La décision de la SPR
[6] Le 11 février 2020, la SPR a rejeté la demande d’asile des demandeurs au motif que M. Carrillo n’était pas crédible en raison de plusieurs incohérences relevées entre le formulaire Fondement de la demande d’asile (le formulaire FDA) et son témoignage. Il y avait des incohérences concernant ses dates de service dans la police et les raisons de la fin de son emploi, à savoir s’il avait démissionné ou s’il avait été congédié. De plus, M. Carrillo a prétendu qu’il avait été congédié pour avoir refusé de participer à des activités illégales, mais a aussi affirmé qu’il avait été congédié pour avoir échoué à un examen. Enfin, M. Carrillo a aussi déclaré dans son formulaire FDA qu’il travaillait pour la police fédérale, au Sinaloa, mais a affirmé dans son témoignage qu’il travaillait plutôt pour la police d’État du Sinaloa.

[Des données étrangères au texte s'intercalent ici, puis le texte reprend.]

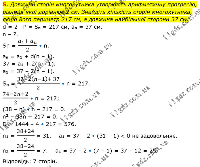 Довжини сторін многокутника утворюють арифметичну прогресію, різниця якої дорівнює 2 см. Знайдіть кількість сторін многокутника, якщо його периметр 217 см, а довжина найбільшої сторони 37 см. d = 2 P = Sn = 217 см, an = 37 cм. n – ?. Sn = (a_1+ a_n)/2 • n. an = a1 + d(n – 1). 37 = a1 + 2(n – 1). a1 = 37 – 2(n – 1). Sn = (37-2(n-1)+ 37)/2 • n = 217. (74-2n+2)/2 • n = 217; (38 – n) • n – 217 = 0. n2 – 38n + 217 = 0. D = 1444 – 4 • 217 = 576. n1 = (38+24)/2 = 31. a1 = 37 – 2 • (31 – 1) < 0 не задовольняє. n2 = (38-24)/2 = 7. a1 = 37 – 2 • (7 – 1) = 37 – 12 = 25. Відповідь: 7 сторін.
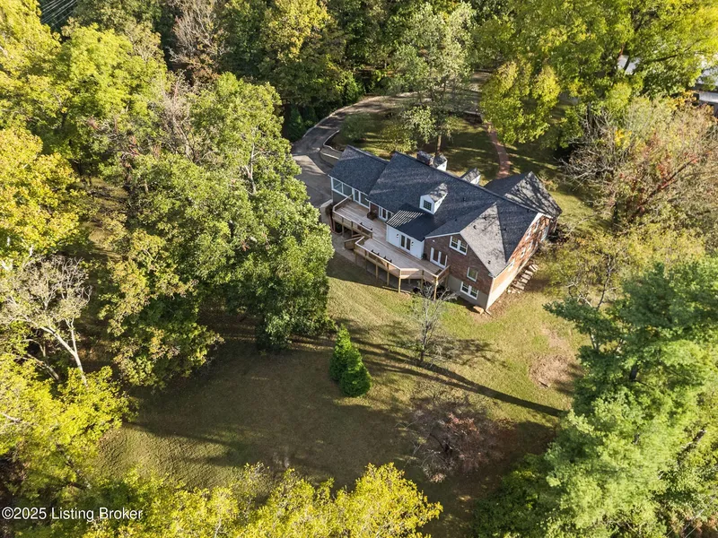 Escape the ordinary and come home to something truly special in the heart of St. Matthews. Tucked away on a little-known cul-de-sac, this beautifully remodeled Cape Cod sits on 1.69 acres of serene privacy bordered by the tranquil waters of Muddy Fork stream. It's rare to find this kind of natural beauty inside the Watterson Expressway. Step inside and feel the warmth of sunlight pouring through vaulted ceilings and expansive windows. From the foyer, enter the large gourmet kitchen that flows effortlessly into the dining and four seasons room - perfect for year-round entertaining or peaceful solitude. The first-floor primary suite is a private retreat, opening to a spacious deck and featuring a spa-worthy bathroom with a freestanding soaking tub, walk-in shower, and double vanities. The main level also offers an expansive living room with a cozy fireplace, a powder room, a guest suite with a full bathroom, and a dedicated office. Upstairs you'll find two large bedrooms, a full bathroom, ample closet space, and a generous loft providing space for family, guests, or quiet reflection. The walkout lower level expands your living area with another fireplace, wet bar, full bathroom, an additional bedroom, a dedicated laundry room, and a workshop or storage space ready for your vision. Outside, take advantage of the massive deck to enjoy morning coffee, evening cocktails, or quiet moments surrounded by nature. Every inch of this home has been thoughtfully and tastefully reimagined, blending timeless charm with modern luxury. Conveniently located near St. Matthew's local boutiques, restaurants and markets, Holy Trinity Parish School, and the city's top-tier hospitals and medical providers. This home offers the best of both worlds - a private retreat in one of Louisville's most desirable locations!
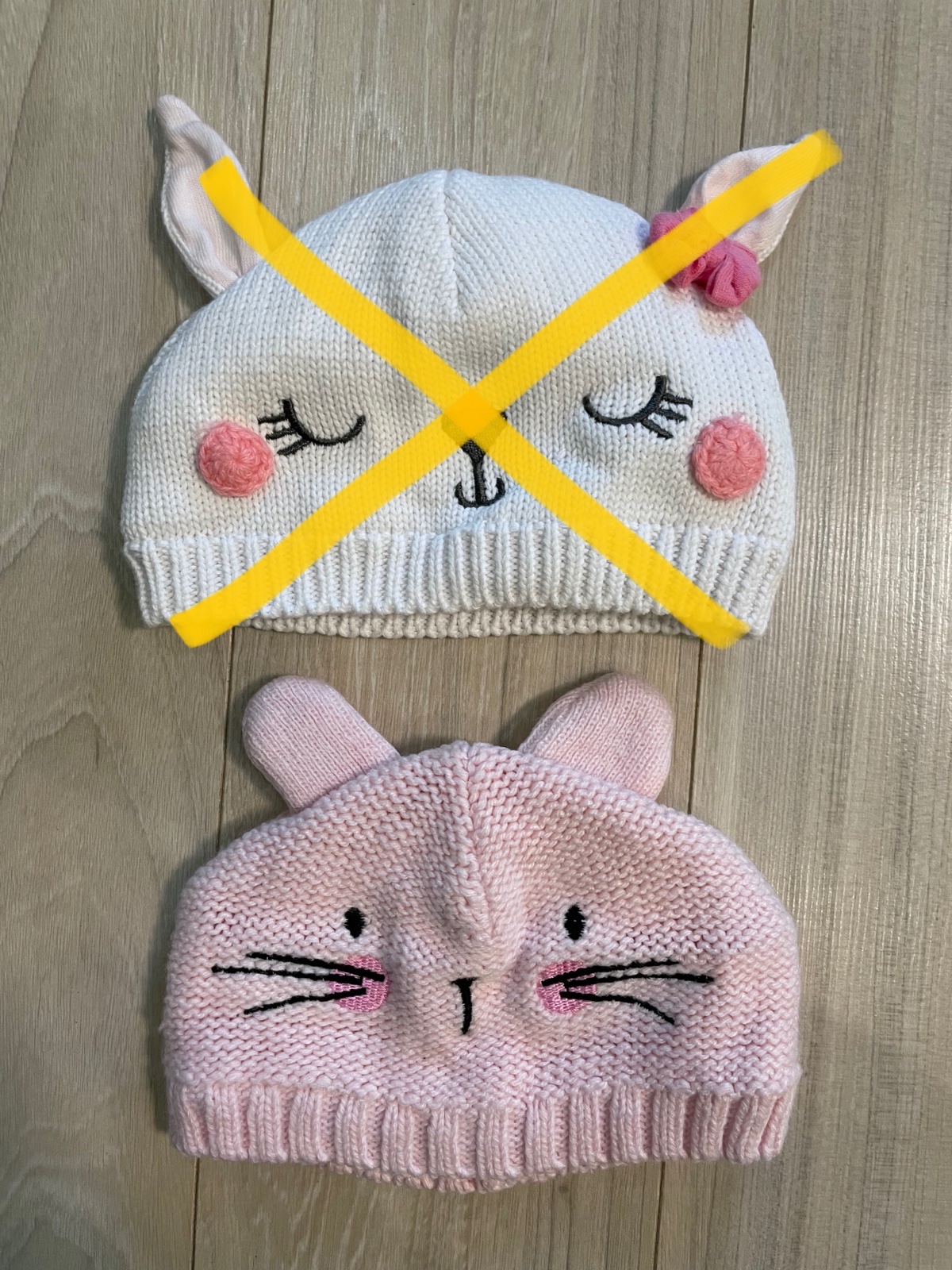 Krásne teplé čiapočky. Top stav. Veľk. uvedená 6-9m ale sedí skôr na 0-3m. 1,50€/ks. Už len ružová.
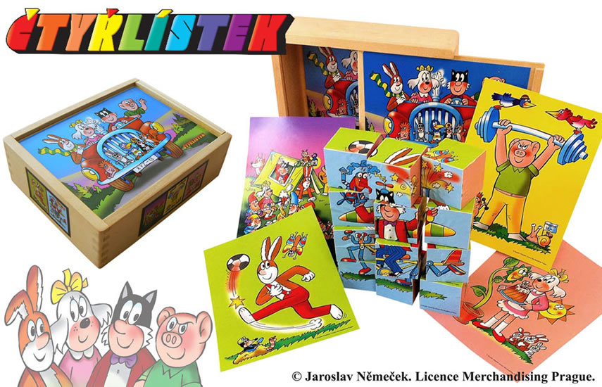 Dřevěné kostky - kubus - 12 kusů v krabičce. Motivy s oblíbenou partou Čtyřlístek. Rozměry balení: 16.50 x 13 cm. Určeno pro děti od 2 let.
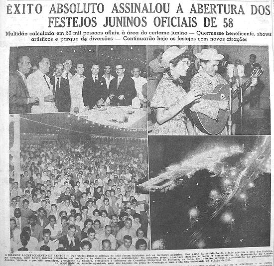 O GRANDE ACONTECIMENTO DE SANTOS - Os festejos juninos oficiais de 1958 foram iniciados sob os melhores augúrios. Boa parte da população da
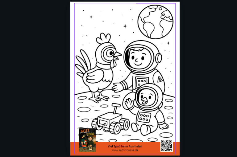 Hier könnt ihr drei liebevoll gestaltete Ausmalbilder aus dem Buch „Betty, Chico und Chicky erforschen den Mond“ kostenlos herunterladen, ausdrucken und ausmalen.
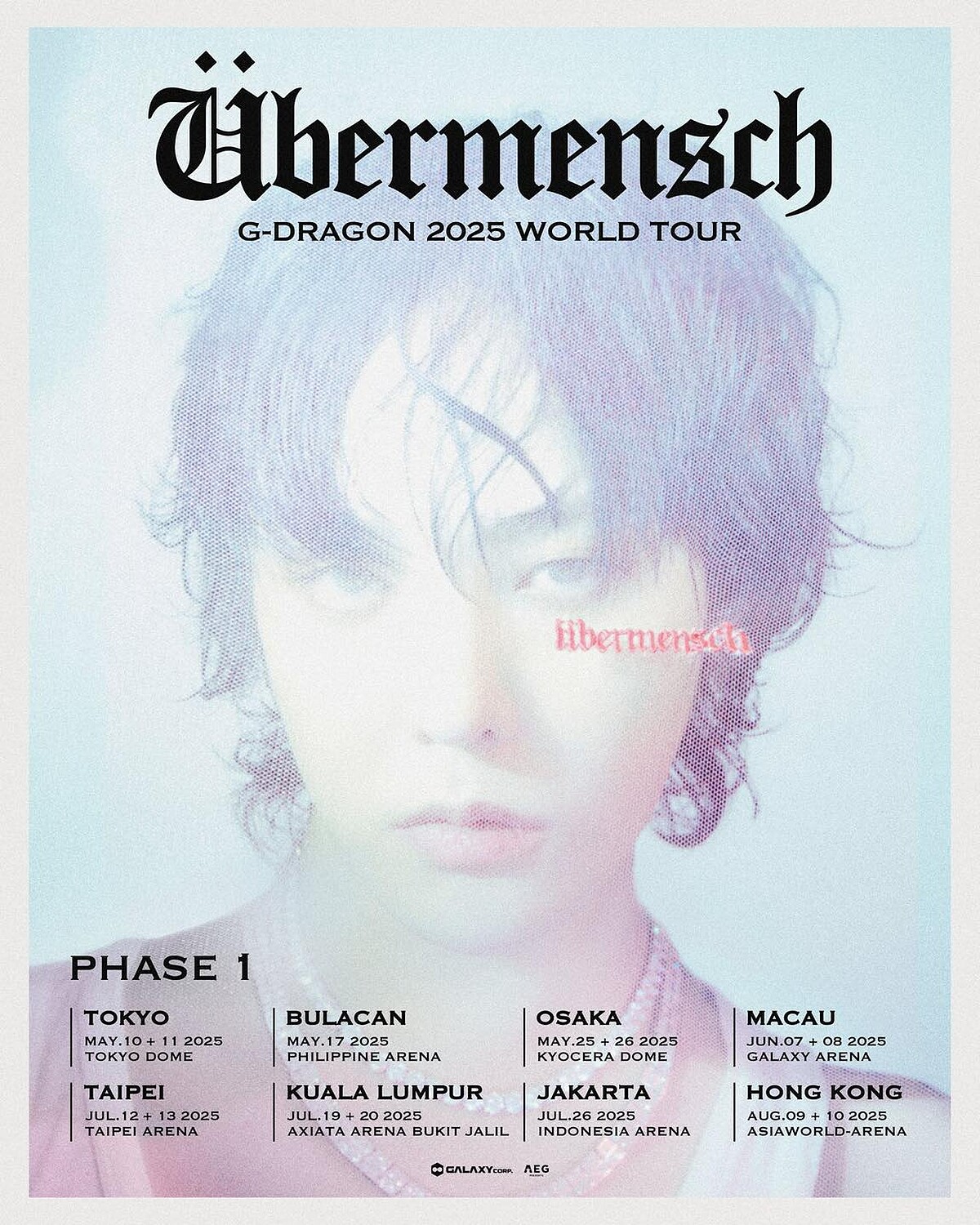 韓流天王G-Dragon權志龍(GD)將展開世界巡演《G-DRAGON 2025 WORLD TOUR [Übermensch] PHASE 1》,並在睽違8年要再度登台,驚喜宣布將在7月12日、7月13日兩天站上台北小巨蛋開唱!
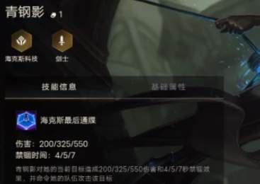 2、青钢影的技能可以造成中等数额的伤害,除此之外还能禁锢敌方,配合队友的话可以造成集火效果,是秒地方核心比较好用的棋子。

[7] La SPR a aussi tiré une conclusion défavorable du défaut de M. Carrillo de présenter une preuve crédible qui corroborerait sa prétention selon laquelle il était policier. Elle a souligné que même si les demandeurs avaient présenté deux documents — une lettre du service de police certifiant que M. Carrillo était membre du corps policier et une autre indiquant qu’il avait été congédié —, ces documents étaient rédigés en espagnol et traduits par l’outil de Google. La SPR leur a accordé peu de poids puisqu’il était difficile de déterminer leur importance ou leur pertinence en l’absence d’une traduction officielle.
[8] La SPR a conclu qu’il n’y avait pas suffisamment d’éléments de preuve crédibles pour démontrer que M. Carrillo était policier, ce qui a miné toute la demande d’asile.
B.
La décision de la SAR
[9] Les demandeurs étaient représentés par un consultant en immigration pour leur appel devant la SAR.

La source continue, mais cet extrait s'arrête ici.